__WORKING DATA__:
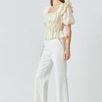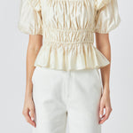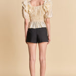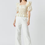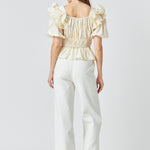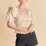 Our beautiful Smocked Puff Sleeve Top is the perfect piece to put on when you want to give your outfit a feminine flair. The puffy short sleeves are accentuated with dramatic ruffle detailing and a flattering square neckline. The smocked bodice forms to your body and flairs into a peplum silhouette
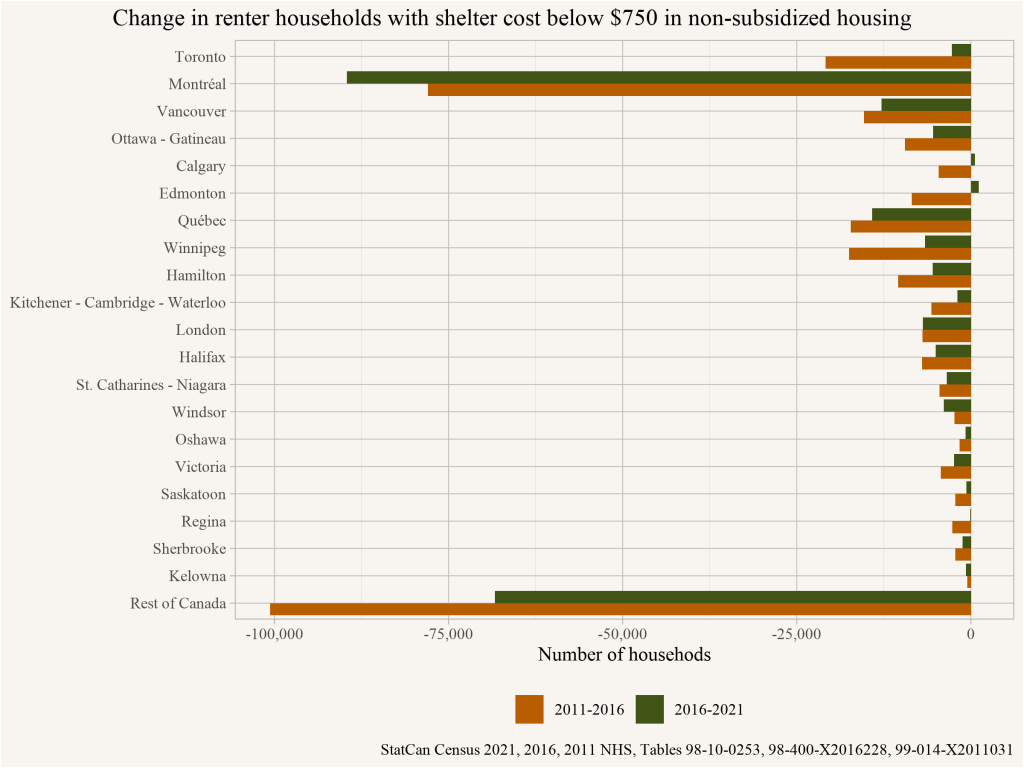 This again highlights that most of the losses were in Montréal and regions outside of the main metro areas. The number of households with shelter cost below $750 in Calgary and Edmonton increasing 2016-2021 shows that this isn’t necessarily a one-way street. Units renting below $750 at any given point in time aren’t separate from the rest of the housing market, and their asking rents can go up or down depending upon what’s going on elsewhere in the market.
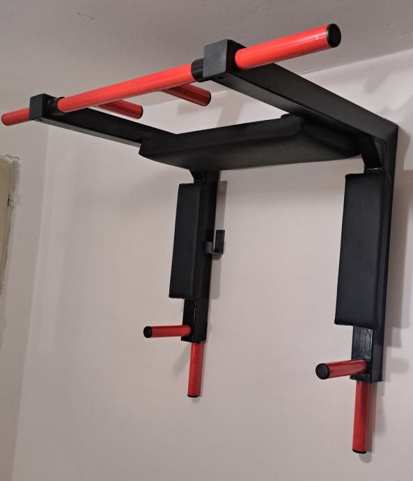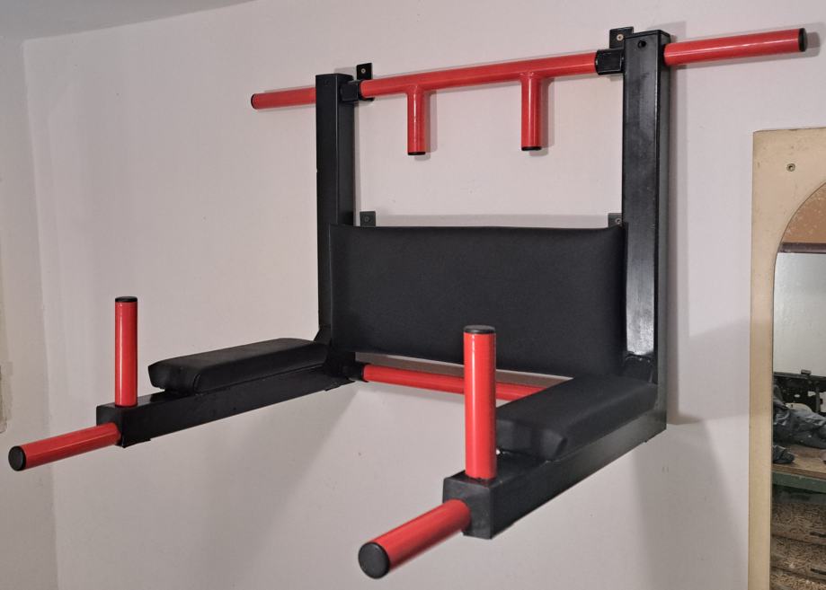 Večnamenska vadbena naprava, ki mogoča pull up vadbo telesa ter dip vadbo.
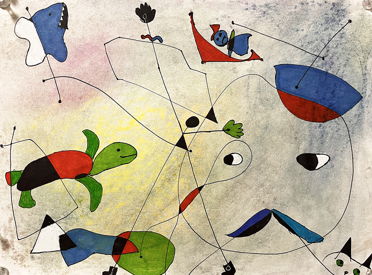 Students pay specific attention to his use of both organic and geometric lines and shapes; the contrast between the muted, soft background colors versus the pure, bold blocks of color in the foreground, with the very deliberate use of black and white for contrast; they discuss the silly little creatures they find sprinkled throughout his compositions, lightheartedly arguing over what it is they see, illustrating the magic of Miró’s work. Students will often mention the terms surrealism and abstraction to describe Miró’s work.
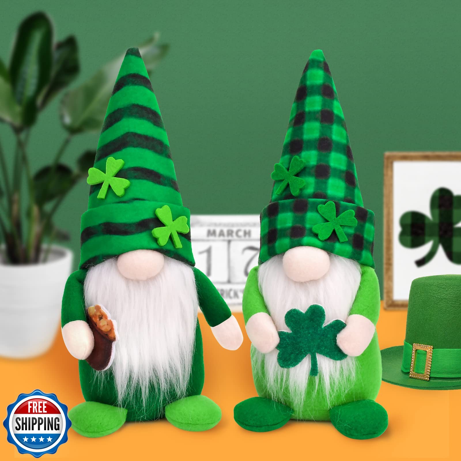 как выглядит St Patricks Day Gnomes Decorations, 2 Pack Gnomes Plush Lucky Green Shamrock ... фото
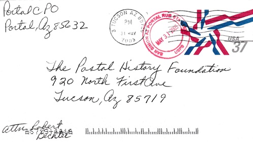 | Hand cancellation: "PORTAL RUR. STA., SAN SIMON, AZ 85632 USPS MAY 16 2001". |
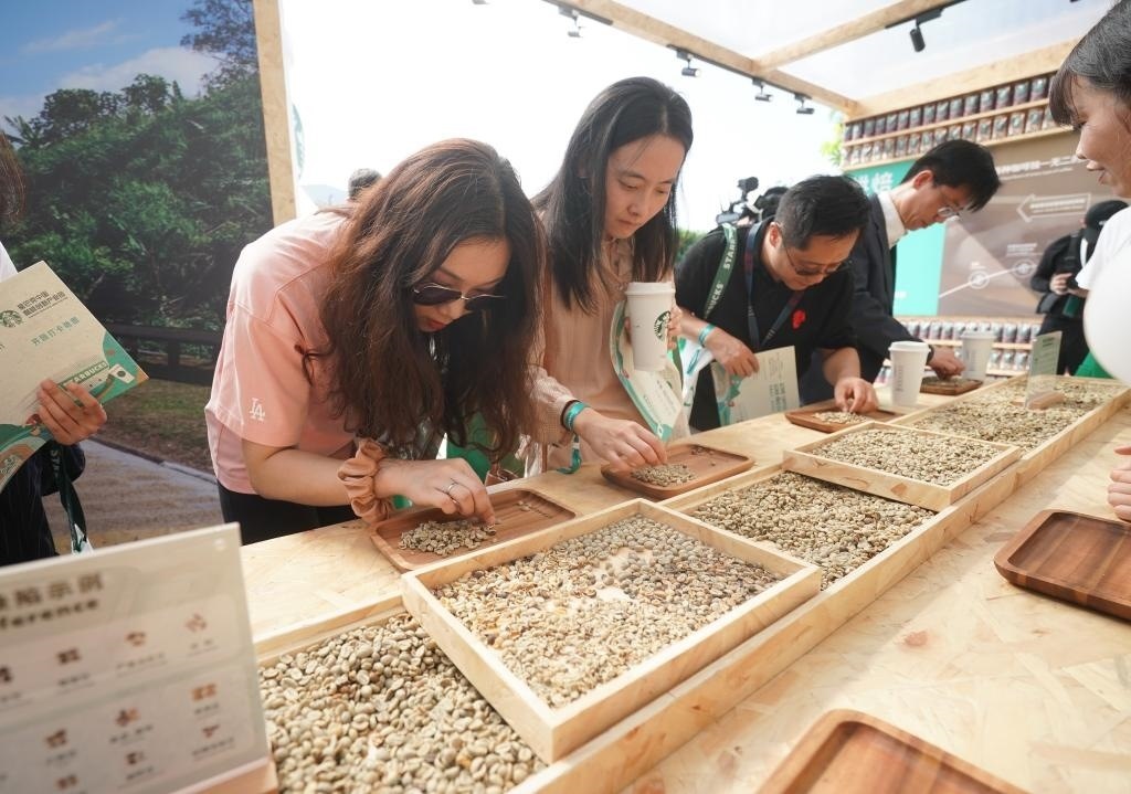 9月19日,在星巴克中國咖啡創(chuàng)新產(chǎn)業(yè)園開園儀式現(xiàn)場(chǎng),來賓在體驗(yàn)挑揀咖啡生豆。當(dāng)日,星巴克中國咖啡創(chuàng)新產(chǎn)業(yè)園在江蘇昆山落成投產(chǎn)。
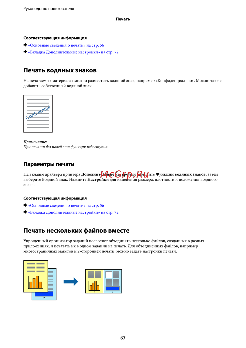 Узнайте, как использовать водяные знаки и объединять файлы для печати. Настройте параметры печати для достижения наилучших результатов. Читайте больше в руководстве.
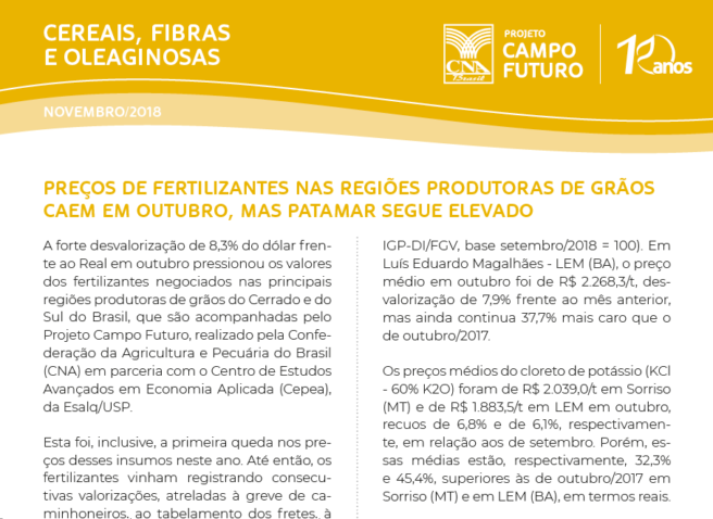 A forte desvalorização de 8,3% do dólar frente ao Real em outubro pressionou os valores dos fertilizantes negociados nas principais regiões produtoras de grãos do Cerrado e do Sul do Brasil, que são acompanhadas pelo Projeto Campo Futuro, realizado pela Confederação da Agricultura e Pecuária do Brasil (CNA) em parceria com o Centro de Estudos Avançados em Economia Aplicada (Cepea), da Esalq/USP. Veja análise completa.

__WHAT IS NEEDED__: Print the entries again exactly as they appear above. Do not print the pictures.

__THE COMPLETED TASK__:
 Our beautiful Smocked Puff Sleeve Top is the perfect piece to put on when you want to give your outfit a feminine flair. The puffy short sleeves are accentuated with dramatic ruffle detailing and a flattering square neckline. The smocked bodice forms to your body and flairs into a peplum silhouette
 This again highlights that most of the losses were in Montréal and regions outside of the main metro areas. The number of households with shelter cost below $750 in Calgary and Edmonton increasing 2016-2021 shows that this isn’t necessarily a one-way street. Units renting below $750 at any given point in time aren’t separate from the rest of the housing market, and their asking rents can go up or down depending upon what’s going on elsewhere in the market.
 Večnamenska vadbena naprava, ki mogoča pull up vadbo telesa ter dip vadbo.
 Students pay specific attention to his use of both organic and geometric lines and shapes; the contrast between the muted, soft background colors versus the pure, bold blocks of color in the foreground, with the very deliberate use of black and white for contrast; they discuss the silly little creatures they find sprinkled throughout his compositions, lightheartedly arguing over what it is they see, illustrating the magic of Miró’s work. Students will often mention the terms surrealism and abstraction to describe Miró’s work.
 как выглядит St Patricks Day Gnomes Decorations, 2 Pack Gnomes Plush Lucky Green Shamrock ... фото
 | Hand cancellation: "PORTAL RUR. STA., SAN SIMON, AZ 85632 USPS MAY 16 2001". |
 9月19日,在星巴克中國咖啡創(chuàng)新產(chǎn)業(yè)園開園儀式現(xiàn)場(chǎng),來賓在體驗(yàn)挑揀咖啡生豆。當(dāng)日,星巴克中國咖啡創(chuàng)新產(chǎn)業(yè)園在江蘇昆山落成投產(chǎn)。
 Узнайте, как использовать водяные знаки и объединять файлы для печати. Настройте параметры печати для достижения наилучших результатов. Читайте больше в руководстве.
 A forte desvalorização de 8,3% do dólar frente ao Real em outubro pressionou os valores dos fertilizantes negociados nas principais regiões produtoras de grãos do Cerrado e do Sul do Brasil, que são acompanhadas pelo Projeto Campo Futuro, realizado pela Confederação da Agricultura e Pecuária do Brasil (CNA) em parceria com o Centro de Estudos Avançados em Economia Aplicada (Cepea), da Esalq/USP. Veja análise completa.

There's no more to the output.